[Extracted entries]

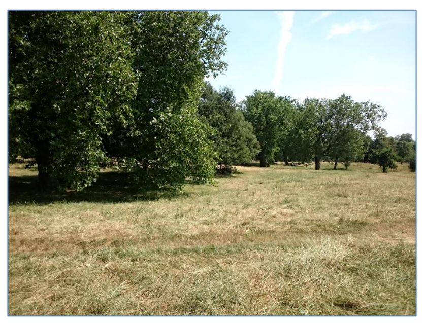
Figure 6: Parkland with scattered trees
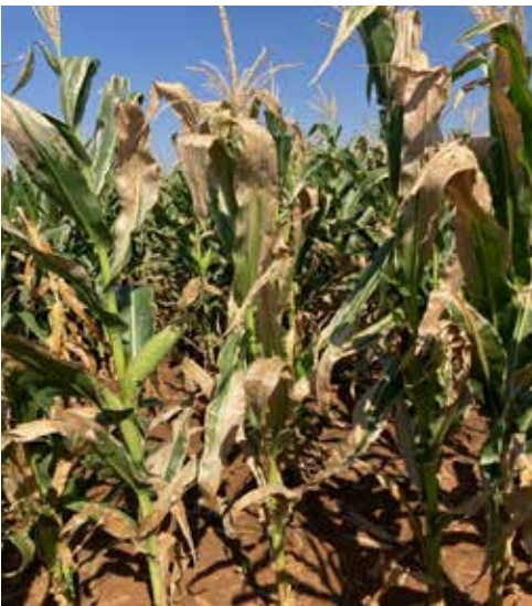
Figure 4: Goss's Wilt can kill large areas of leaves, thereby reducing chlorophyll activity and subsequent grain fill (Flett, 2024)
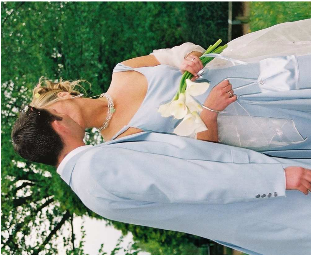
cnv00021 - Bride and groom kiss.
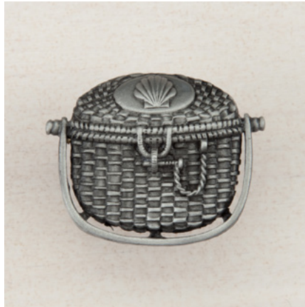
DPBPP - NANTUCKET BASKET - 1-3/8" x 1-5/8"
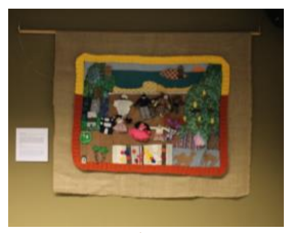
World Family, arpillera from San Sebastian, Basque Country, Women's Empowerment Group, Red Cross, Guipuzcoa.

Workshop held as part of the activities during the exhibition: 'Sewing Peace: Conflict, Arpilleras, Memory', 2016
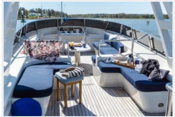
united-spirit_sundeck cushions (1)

[/Extracted entries]

## Required action
Set down exactly, with no additions, each line from the line that includes "cnv00021 - Bride and groom kiss." to the final line of the entries above; leave pictures out.

## Answer to this task
cnv00021 - Bride and groom kiss.
DPBPP - NANTUCKET BASKET - 1-3/8" x 1-5/8"
World Family, arpillera from San Sebastian, Basque Country, Women's Empowerment Group, Red Cross, Guipuzcoa.

Workshop held as part of the activities during the exhibition: 'Sewing Peace: Conflict, Arpilleras, Memory', 2016
united-spirit_sundeck cushions (1)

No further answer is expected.